▶ _Given data_
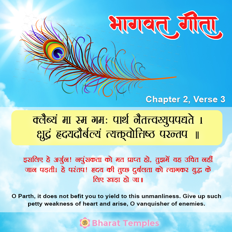- “Klaibyam mā sma gamaḥ” – “Do not give in to impotence or cowardice.”
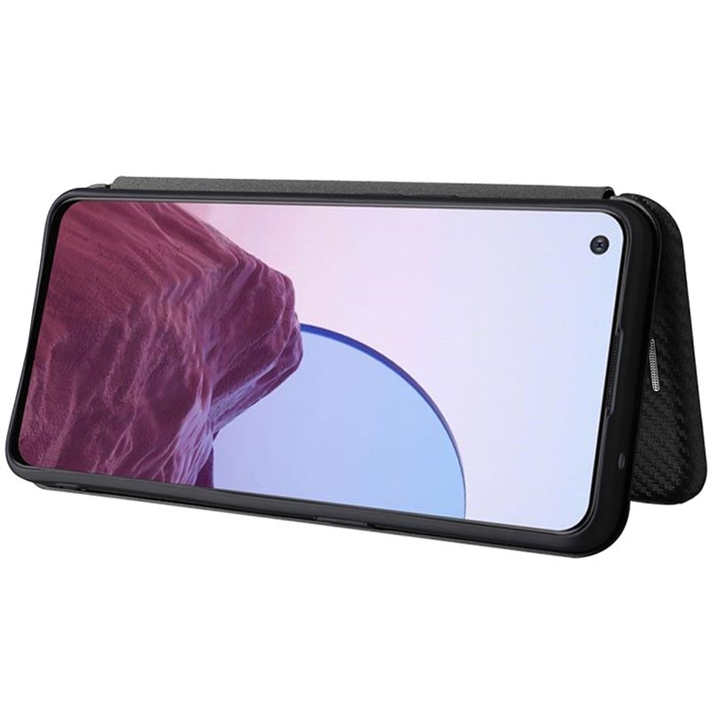 Proteja o seu OnePlus Nord N20 5G com esta bolsa tipo flip com textura de fibra de carbono.
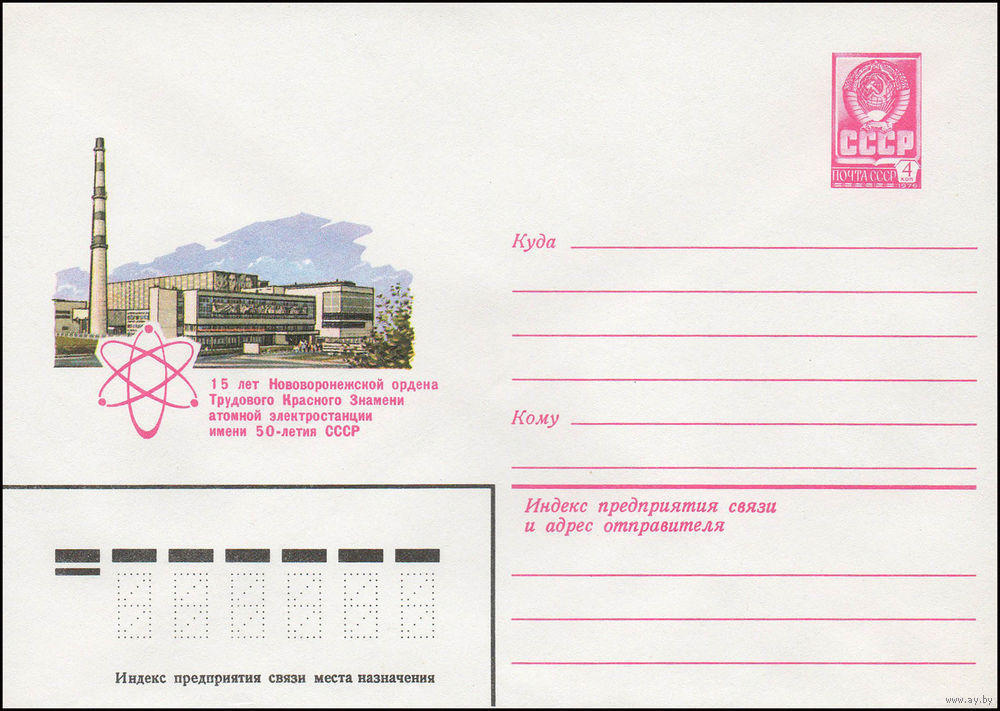 Художественный маркированный конверт СССР N 13732 (31.08.1979) 15 лет Нововоронежской ордена Трудового Красного Знамени атомной электростанции имени 50-летия СССР

▶ _What you need to do_
Give back exactly the lines from the one that contains "Proteja o seu" to the final line of the data above, both included, with all pictures removed.

▶ _Solution to this exercise_
 Proteja o seu OnePlus Nord N20 5G com esta bolsa tipo flip com textura de fibra de carbono.
 Художественный маркированный конверт СССР N 13732 (31.08.1979) 15 лет Нововоронежской ордена Трудового Красного Знамени атомной электростанции имени 50-летия СССР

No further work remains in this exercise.